Steven: What about their behavior in class?
Principal: They’re both a little restless, I’d say. Equally so. I mean, I’ve had the occasional complaint from their teachers about some minor misdemeanors but they’ve never been rude to any of the staff. In any case, if they had ever acted out, we would have told you about it.
Steven: Do you especially like one of them more than the other? If you had to choose between them, which would say is the best?

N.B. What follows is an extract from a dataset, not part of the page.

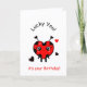 This adorable folded birthday card features a heart-shaped ladybug in red and black, surrounded by sweet hearts on a clean white background. A charming and cheerful design that feels warm, joyful, and full of affection.

Principal: That’s a difficult question. I’m not sure I can give you an answer. I don’t know. I don’t know what to tell you.
…
Martin: Anna, if you’re gonna do something, you’d better be fast. The boy is about to die.
…
Anna [to Steven]: I believe the most logical thing, no matter how harsh this may sound, is to kill a child. Because we can have another child. I still can and you can. And if you can’t, we can try IVF, but I’m sure we can.
…
Kim [to her parents]: I’m sorry for what I did tonight. I don’t know what I was thinking. I was only thinking about myself and no one else. That was wrong of me. I was frightened. I shouldn’t have been. Let me be the one who atones for your sins, Dad. Kill me right here in front of your eyes so that you can be sure that I die, in case some fate spares me at the last moment. Kill me right here in front of you and leave me with the ultimate joy of saving my own mother and beloved brother from certain death. Mom, tell him. Dad, please. I would do anything for you. I would even die for you and here’s my chance to prove it.
…
Anna: I let him go.
Steven: What are you talking about?
Anna: He’s not downstairs. I let him go.
Steven: Why would you do that? Why did you let him go? Answer me!
Anna: Are you a complete idiot? It’s not gonna make any difference, Steven. It’s not gonna solve anything, we both know that.
…
Kim: Do your legs hurt, Mom, do they feel numb? Does your back hurt, has it started yet?
…
Kim: Dad! Quick. Bob’s dying! Dad! Bob’s dying!!
…
Steven: Bob’s eyes are bleeding. Come to the living room.
Anna: Now?
Steven: Yes. Now.
Anna: Steven, where are the children?
Steven: They’re already there.
Anna: I think I’m gonna wear that black dress that you like.